Environmental Activities in North American and Hawaiian Jōdo Shinshū Temples
DOI:
https://doi.org/10.15239/ycjcb.01.02.04Keywords:
Jodo Shinshu, environmentalism, Pure Land BuddhismAbstract
This paper documents and analyses environmentalist activities in North American and Hawaiian Jōdo Shinshū temples. I argue that such activities primarily cluster around three themes: 1) educational efforts, 2) temple greening, and 3) ritual activity. Jōdo Shinshū environmental awareness began to appear by 1970. However, concerted organized efforts at preventing environmental destruction and inculcating ecological consciousness in Buddhist practitioners only emerged in recent decades, best represented by the EcoSangha and Green Hongwanji movements. The forms of engagement pursued by these movements are significantly shaped by a confluence of Japanese and American/Canadian historical and cultural forces. On the Japanese side, these include the cultural attitude of mottainai (“non-wasting”), gratitude to ancestors, and indebtedness.
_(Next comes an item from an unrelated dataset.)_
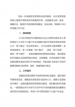 为进一步加强党支部党的先进性建设,充分发挥党组织核心堡垒作用和党员先锋模范作用,全面建设为民、务实、清廉机关,推进学习型党组织的建设,结合实际,特制定2022年党建工作计划: 一、指导思想 以习近平新时代中国特色社会主义思想为指导,深入贯彻党的十九大和十九届六中全会精神,组织引导党支部党员深刻认识“两个确立”的决定性意义,大力弘扬伟大建党精神,坚持自我革命,进一步增强“四个意识”、坚定“四个自信”、做到“两个维护”,全面加强党员的思想政治建设、组织建设和作风建设,自觉按照政治坚定、业务精通、作风优良的干部队伍建设要求,推动支部工作与时俱进、开拓创新,为各...
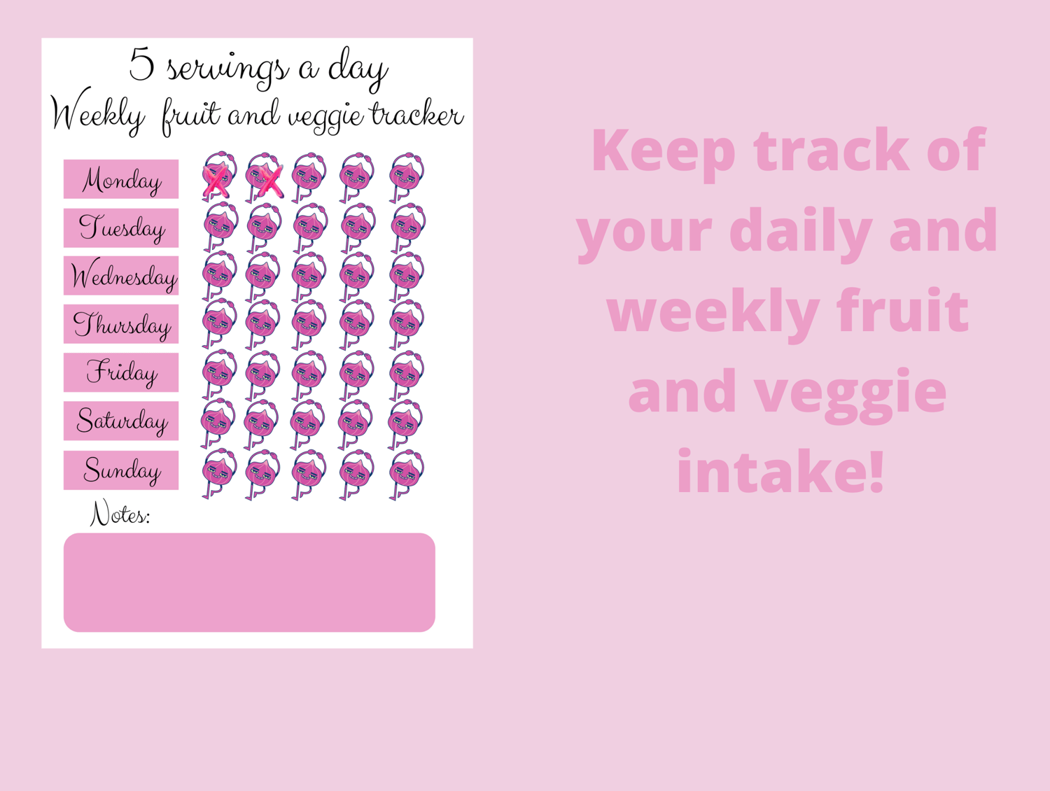 ► Keep track of your daily and weekly fruit and veggie intake. Make sure that you have 5 servings of fruits and veggies a day.

On the North American/Canadian side, these include temples as sources of community organizing and ethnic identity, the post-Carson environmental movement, the Dharma school system, the tendency to apply efforts inwards toward the temple community rather than toward activism in the wider public, and the particular mix of communal activity and individual responsibility that defines the North American and Hawaiian Jōdo Shinshū approach to Buddhist practice.